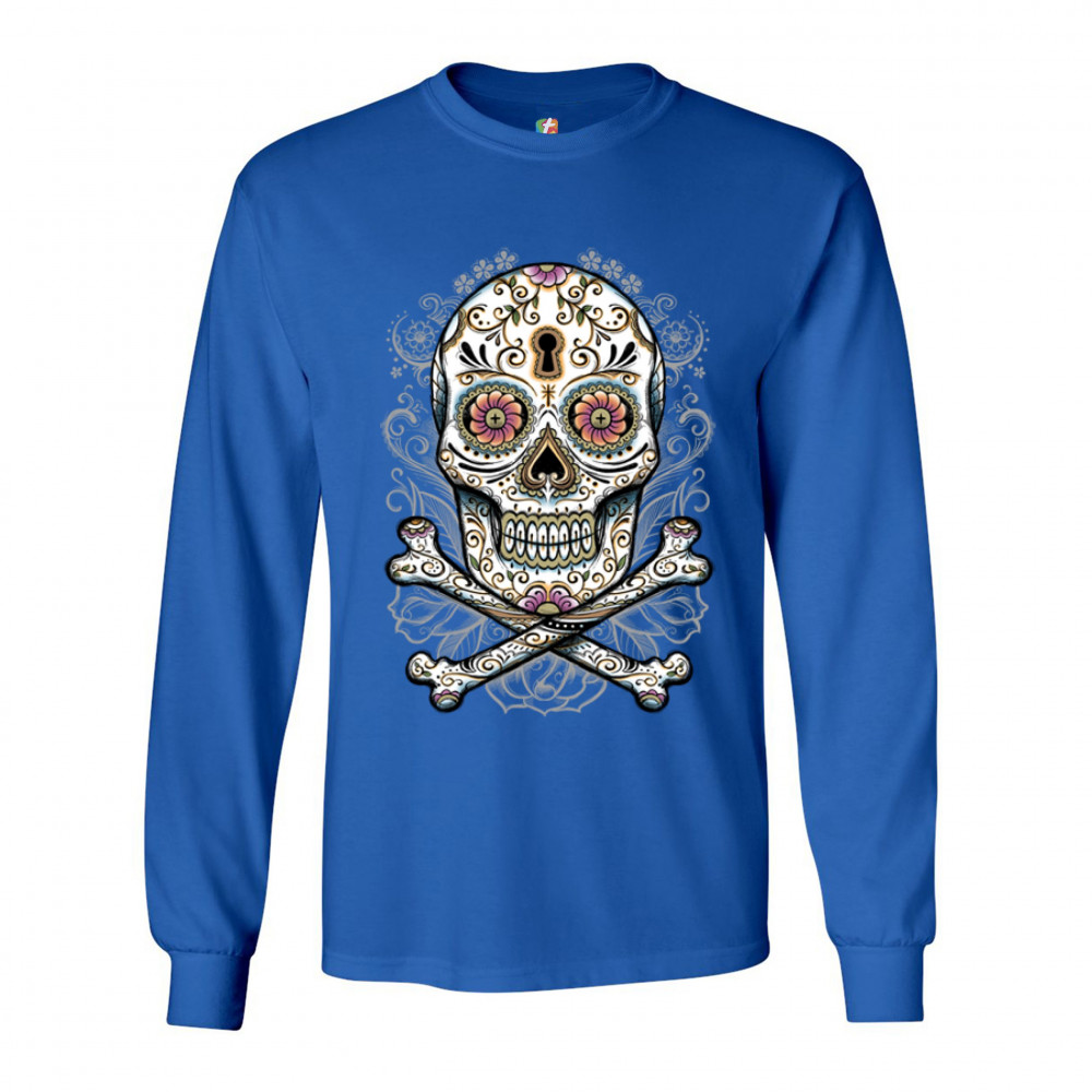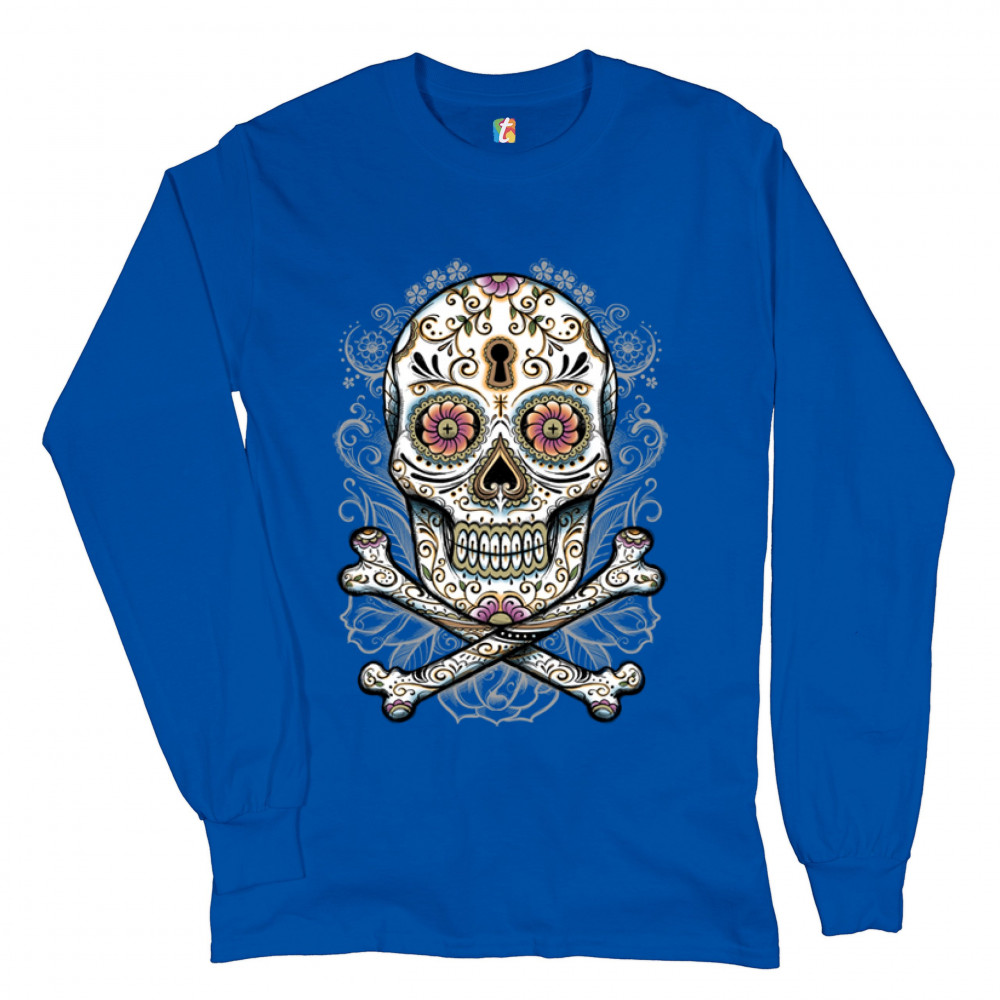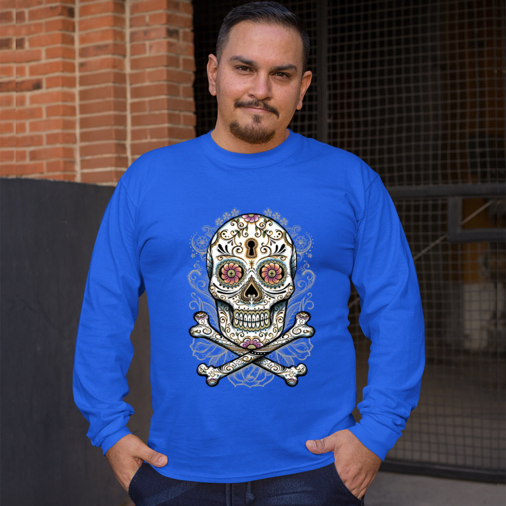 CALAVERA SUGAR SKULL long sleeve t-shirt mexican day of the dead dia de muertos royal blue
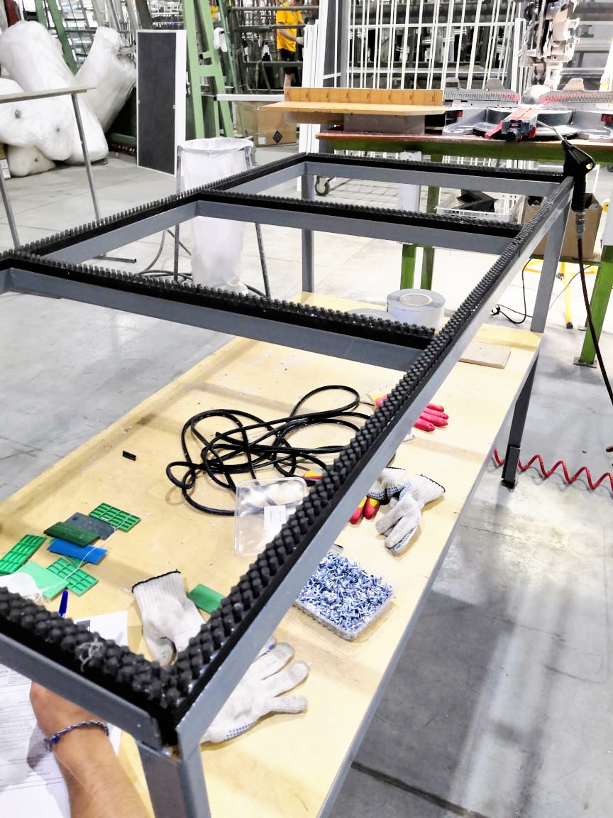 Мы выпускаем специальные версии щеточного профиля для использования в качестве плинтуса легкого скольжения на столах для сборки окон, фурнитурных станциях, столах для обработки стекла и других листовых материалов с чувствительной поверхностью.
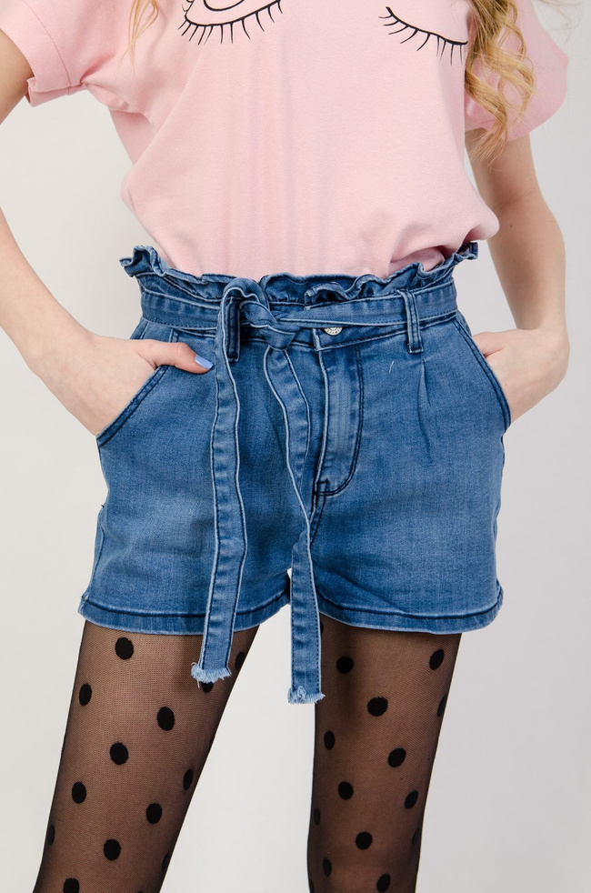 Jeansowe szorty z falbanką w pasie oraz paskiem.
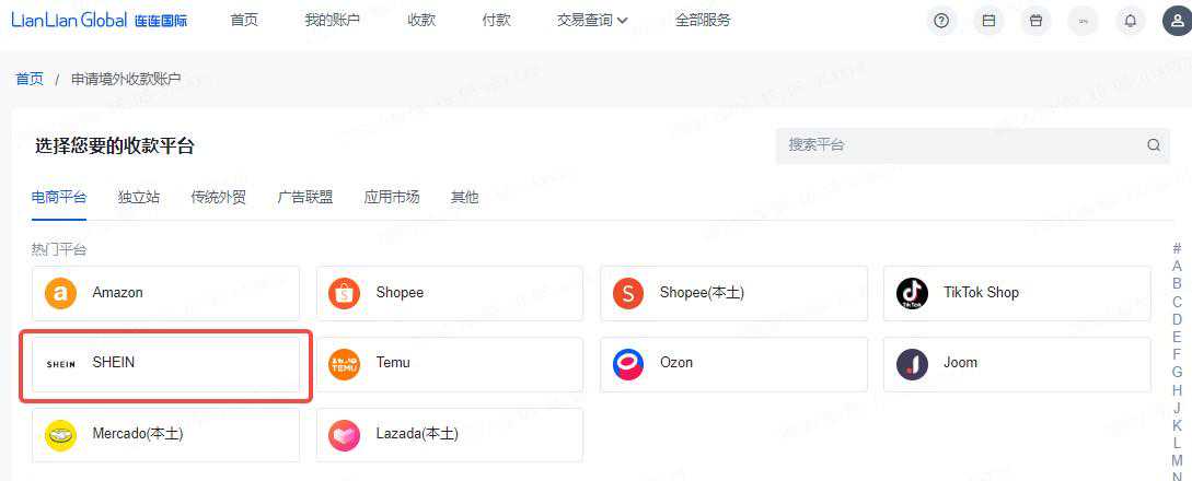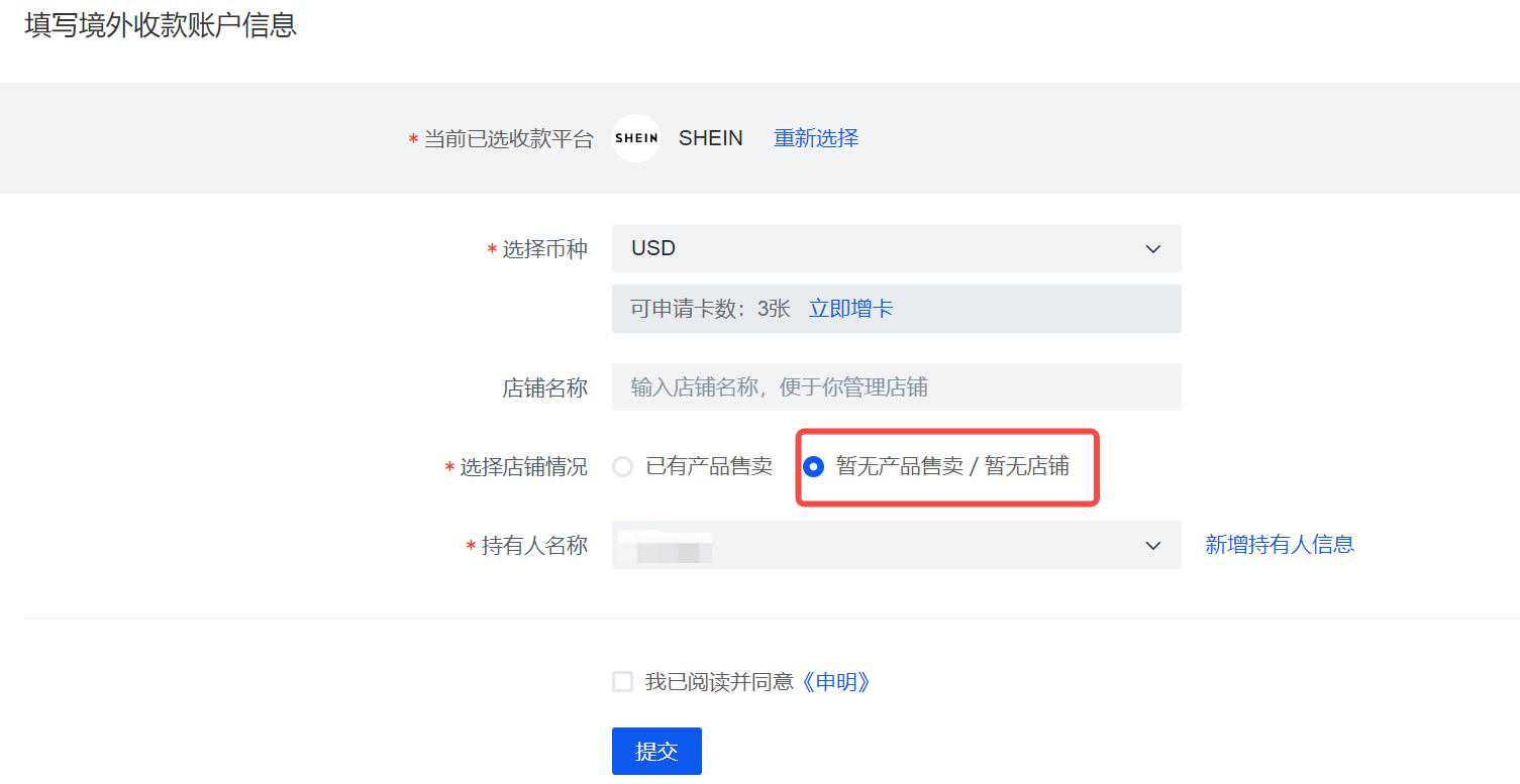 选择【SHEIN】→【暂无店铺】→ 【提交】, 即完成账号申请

Task description
Except for the pictures, give all the material above again verbatim.

Task result
 CALAVERA SUGAR SKULL long sleeve t-shirt mexican day of the dead dia de muertos royal blue
 Мы выпускаем специальные версии щеточного профиля для использования в качестве плинтуса легкого скольжения на столах для сборки окон, фурнитурных станциях, столах для обработки стекла и других листовых материалов с чувствительной поверхностью.
 Jeansowe szorty z falbanką w pasie oraz paskiem.
 选择【SHEIN】→【暂无店铺】→ 【提交】, 即完成账号申请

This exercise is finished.